I don't know. Sonic Youth, they kind of came and went, but "Teenage Riot," good stuff. The nineties thing, I remember... what label? Geffen, is that was Nirvana was on?

I remember this A&R guy was in New York, a friend of our friend Julie Panebianco she just had this new record, "It's going to be huge." It was a Nirvana record. She played the first cuts, holy shit. It sounded so much like the Replacements, but it was so much better played and produced.

But I don't know, I think if we would have put out Grave Dancers like two years earlier, it would have been better for us, because it would have been more like, we weren't trying to mop up on grunge rock, we were grunge rock. But the timing of that just kind of seemed like there's this burgeoning thing that people had no fucking idea we'd been kicking around for 11 years. No one had any idea. It was kind of frustrating to us. It was like, "holy fuck. Why do people want to jump up on the stage and stage dive, and shit, you know?"

Back in the day, when you would tour it's like, start your own fucking band. Don't crowd my show, you know. Yeah, it was weird. At that point, we were kind of all in our thirties, early thirties. We're kind of seasoned vets, and played a lot of clubs and shit. Then we'd play all these clubs in Europe and shit, and there'd be 180 dudes, and for that record, there would be like 5000 women there. It was like girls and shit, it was really weird. We weren't prepared for it at all, you know?

We could tell it wouldn't be good for the longevity of our band. Just like, "holy shit. Anytime girls are screaming at a quiet part of the show, that's not our bag, you know?" So, I don't know if we were prepared to deal with it, but we did the best we could at that time. Hindsight it's like, we never really were the kind of band that micromanaged every decision we made. We just kind of were like, "Fuck it, let's just do this and see what it's like." If we were in a bad situation, like a shitty tour, we weren't the kind of band that would cancel after four days. "Oh, 10 weeks of this, I could do anything for 10 weeks, but I'll never do this again." You'd do a shitty tour that you hated.


PSF: What do you ultimately hope the band's legacy will be?

DM: I don't know. I'm going to have you write something about that, because you seem to be familiar with the band. I think the band was better than it's remembered as. I don't know.

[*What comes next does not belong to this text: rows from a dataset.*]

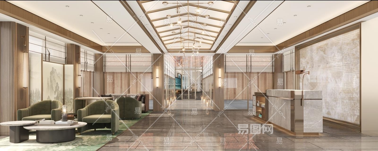 现代酒店大堂3D模型下载
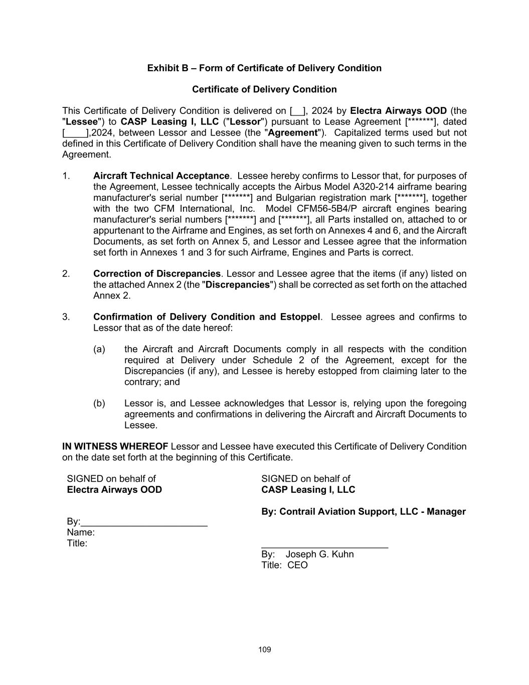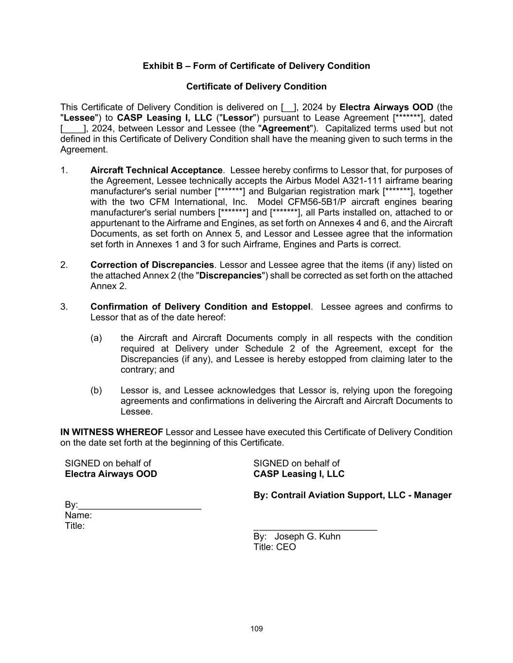 109 Exhibit B – Form of Certificate of Delivery Condition Certificate of Delivery Condition This Certificate of Delivery Condition is delivered on [__], 2024 by Electra Airways OOD (the "Lessee") to CASP Leasing I, LLC ("Lessor") pursuant to Lease Agreement [*******], dated [____], 2024, between Lessor and Lessee (the "Agreement"). Capitalized terms used but not defined in this Certificate of Delivery Condition shall have the meaning given to such terms in the Agreement. 1. Aircraft Technical Acceptance. Lessee hereby confirms to Lessor that, for purposes of the Agreement, Lessee technically accepts the Airbus Model A321-111 airframe bearing manufacturer's serial number [*******] and Bulgarian registration mark [*******], together with the two CFM International, Inc. Model CFM56-5B1/P aircraft engines bearing manufacturer's serial numbers [*******] and [*******], all Parts installed on, attached to or appurtenant to the Airframe and Engines, as set forth on Annexes 4 and 6, and the Aircraft Documents, as set forth on Annex 5, and Lessor and Lessee agree that the information set forth in Annexes 1 and 3 for such Airframe, Engines and Parts is correct. 2. Correction of Discrepancies. Lessor and Lessee agree that the items (if any) listed on the attached Annex 2 (the "Discrepancies") shall be corrected as set forth on the attached Annex 2. 3. Confirmation of Delivery Condition and Estoppel. Lessee agrees and confirms to Lessor that as of the date hereof: (a) the Aircraft and Aircraft Documents comply in all respects with the condition required at Delivery under Schedule 2 of the Agreement, except for the Discrepancies (if any), and Lessee is hereby estopped from claiming later to the contrary; and (b) Lessor is, and Lessee acknowledges that Lessor is, relying upon the foregoing agreements and confirmations in delivering the Aircraft and Aircraft Documents to Lessee. IN WITNESS WHEREOF Lessor and Lessee have executed this Certificate of Delivery Condition on the date set forth at the beginning of this Certificate. SIGNED on behalf of Electra Airways OOD By:________________________ Name: Title: SIGNED on behalf of CASP Leasing I, LLC By: Contrail Aviation Support, LLC - Manager _ _______________________ By: Joseph G. Kuhn Title: CEO
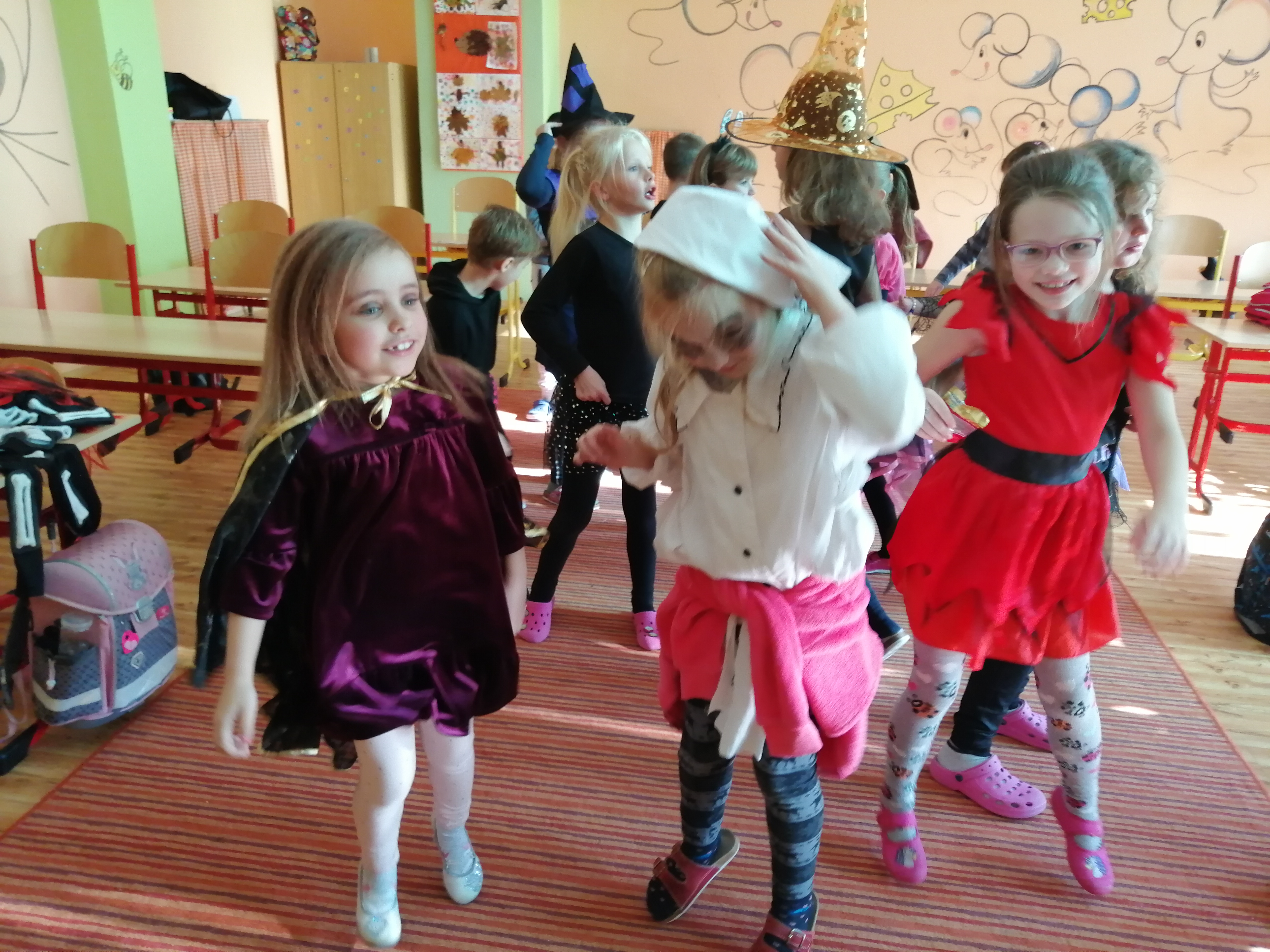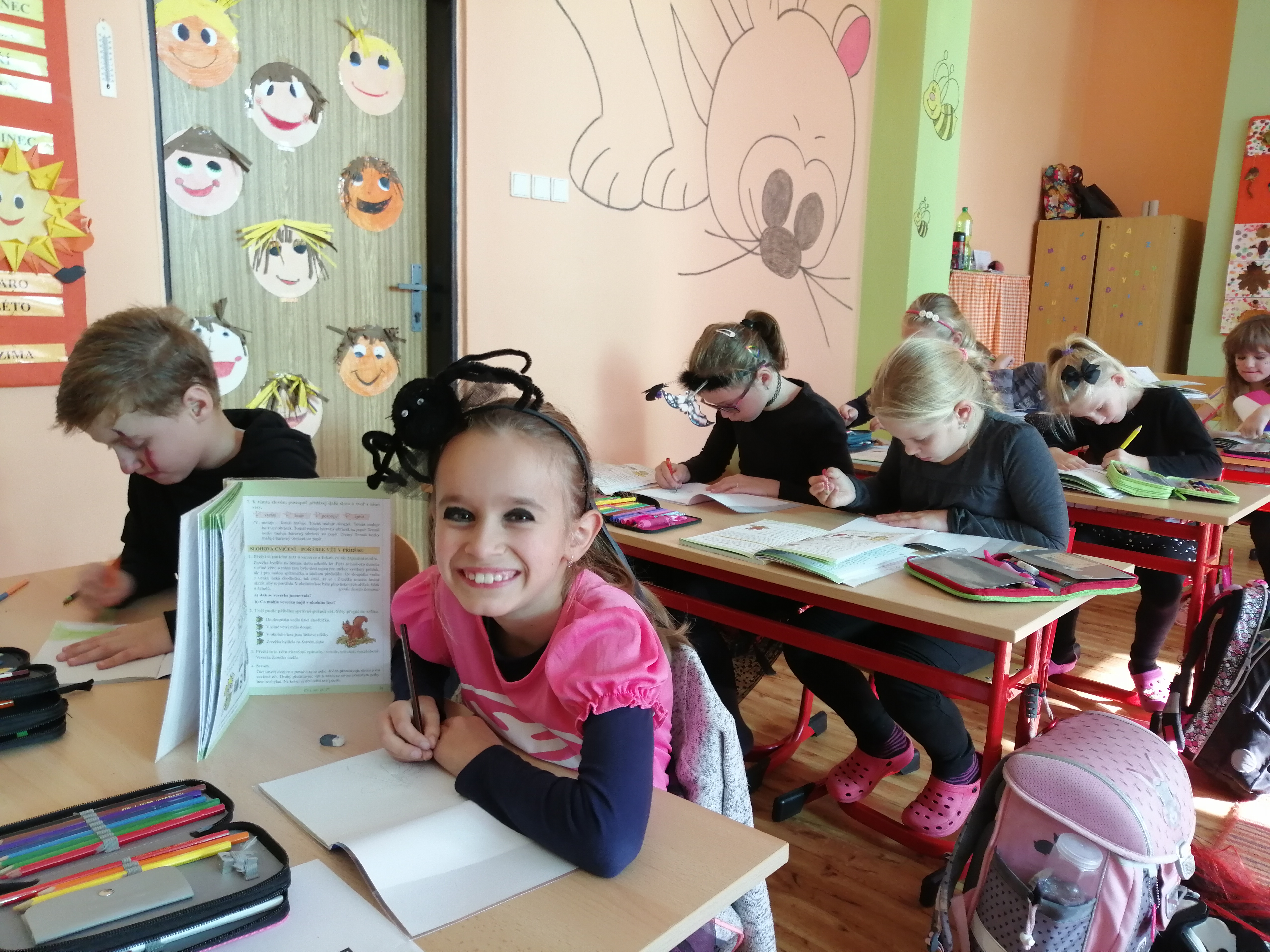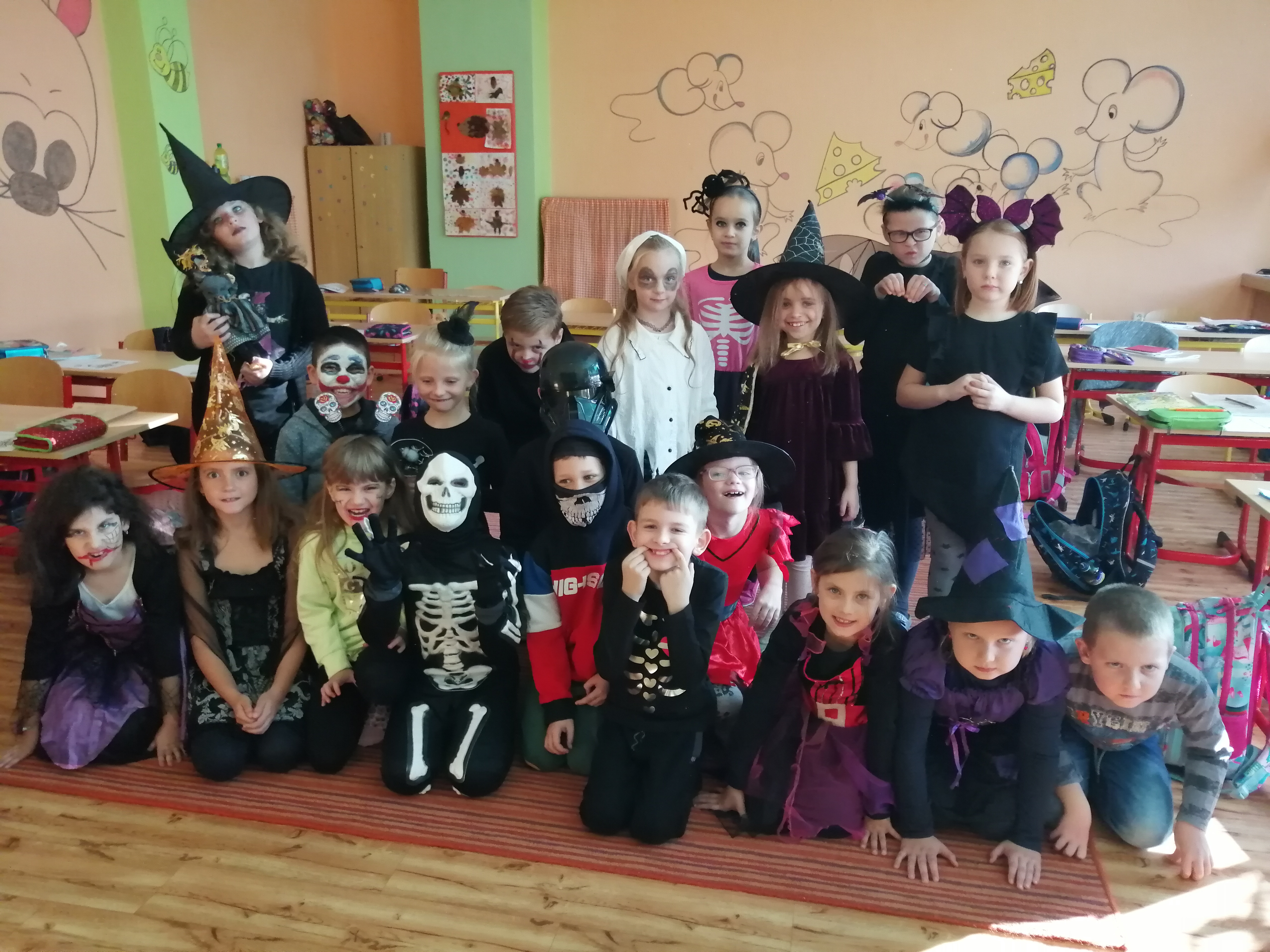 4.11.2019V noci z 31. 10. na 1. 11. se z žáků 2. B stala halloweenská strašidla. Do školy přišla s aktovkou a velkou chutí se něco nového naučit. Každé z nich mělo zvláštní moc J. Někdo uměl kouzlit v českém jazyce, jiný perlil v matematice. Byla tu i taková, která vynikala v kreslení, tanci a zpívání.

Well people like at my age, forties and fifties are like, "I can't believe you used to be in a fucking cool band. What happened?" You know, I have no idea.

For me, I've said this before, but I think Dave is a very talented writer. I think he had a really unique voice, and he was certainly part of something. I think he was a really big part of it initially, and it's kind of sad to see in hindsight, it seems like it's such a fucking zit on the elephant man. It's like, it means almost nothing to people.

I think on the way up, as long as you're a great writer, and when you're on the top, it's great. But I don't think any of us were prepared for what it's like on the way down, you know?